One other interesting feature to come out of these “mature” financial markets and “sophisticated” accounting systems is that accountants are singing off on different values of the same security for different clients! In a way, this is not very surprising. In the absence of an active and liquid market, accounting rules allow investors to mark the investments to (mathematical) models. In the case of complex, structured products there is no single mathematical model universally accepted for valuing them. One imagines that, if auditors did not find anything grossly illogical in the model being used by the investor in a consistent fashion, they would accept the valuation — and hence perhaps the variations. (There is of course yet another variation of MTM — mark-to-myth a stratagem used extensively by corporations, like Enron, to hide losses.)

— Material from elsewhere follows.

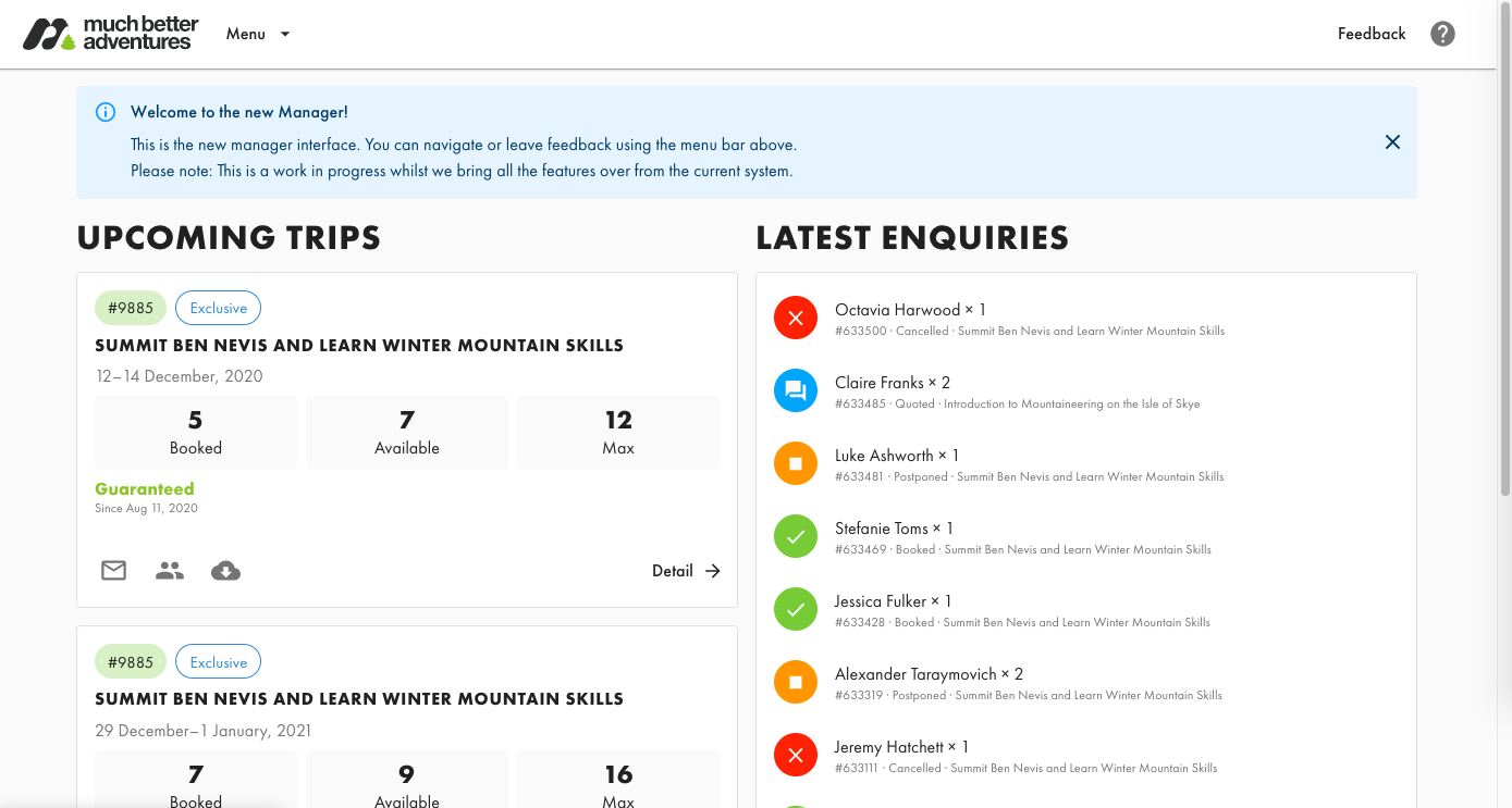 Trips Manager is where you can view the status of your trips on the MBA platform. In this guide we'll give you an overview of its features.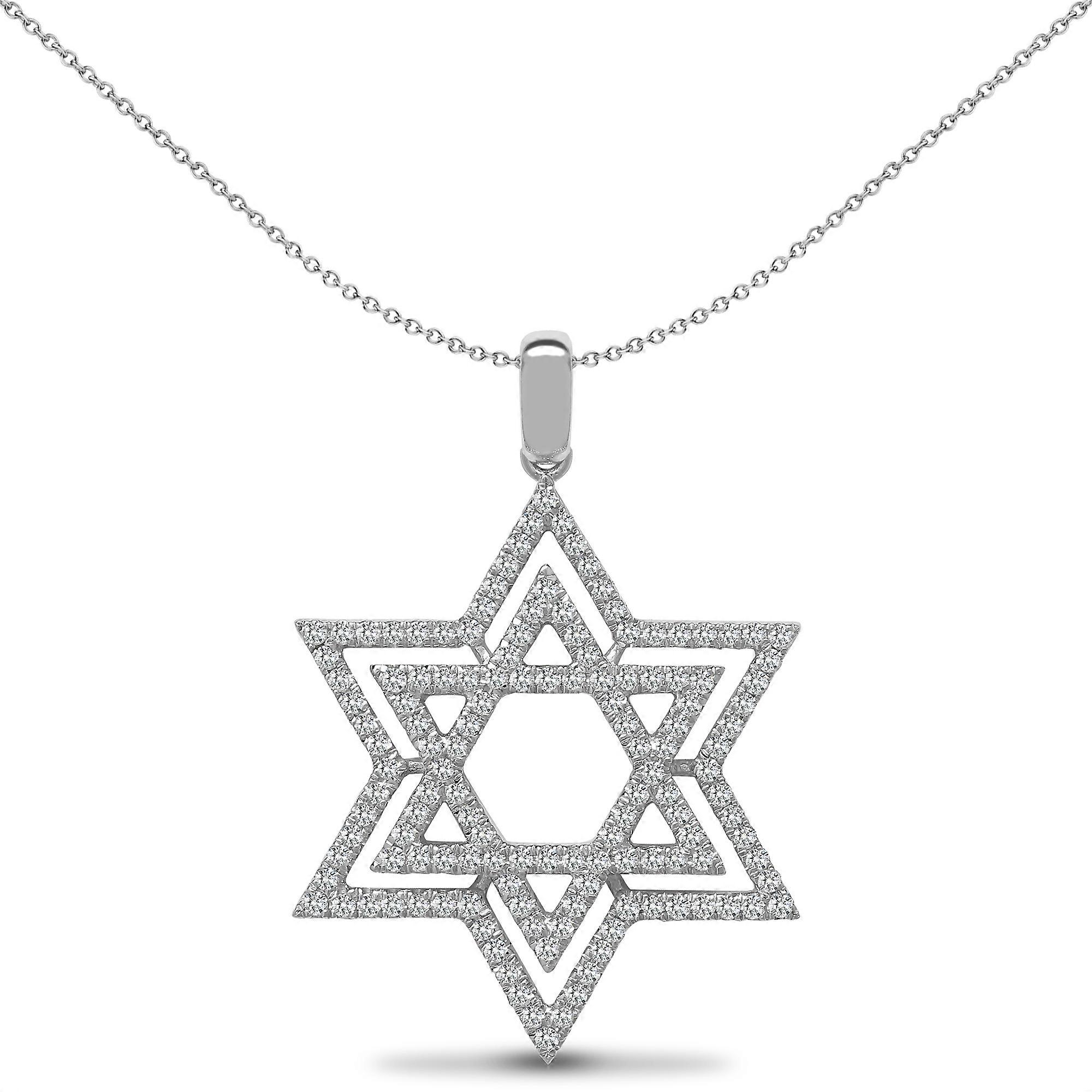 Jewelco London Solid 18ct White Gold Pave Set Round G SI1 0.6ct Diamond Magen David Star Charm Pendant

The problem, of course, is the ever greater complexity of derivative products: The objective of structuring them is not to meet any genuine hedging need or investor demand as to hide pricing margin and risks. As markets in vanilla products become more efficient, dealer profitability, and bonuses, suffer and hence the attractions of promoting complex, structured products. As James Tobin, the Nobel Laureate, said back in 1984: “I confess to an uneasy...suspicion, perhaps unbecoming in an academic, that we are throwing more and more of our resources, including the cream of our youth, into financial activities remote from the production of goods and services.....I suspect that the immense power of the computer is being harnessed to this ‘ paper economy’, not to do the same transactions more economically but to balloon the quantity and variety of financial exchanges” for the benefit of the structures. The problem, of course, is that knowledge asymmetry means risk often finally lands on the shoulders of those least able to appreciate, let alone price, it. But not always, as banks have discovered while writing off $500 billion in subprime mortgage-based securities. Is complexity outpacing the ability of even the most sophisticated players to measure, manage and price risk? As Satyajit Das argued in his “Traders, Guns and Money”: “Too large a proportion of recent mathematical economics are concoctions, as imprecise as the initial assumption they rest on, which allow the author to lose sight of the complexities and interdependencies of the real world in a maze of pretentious and unhelpful symbols.”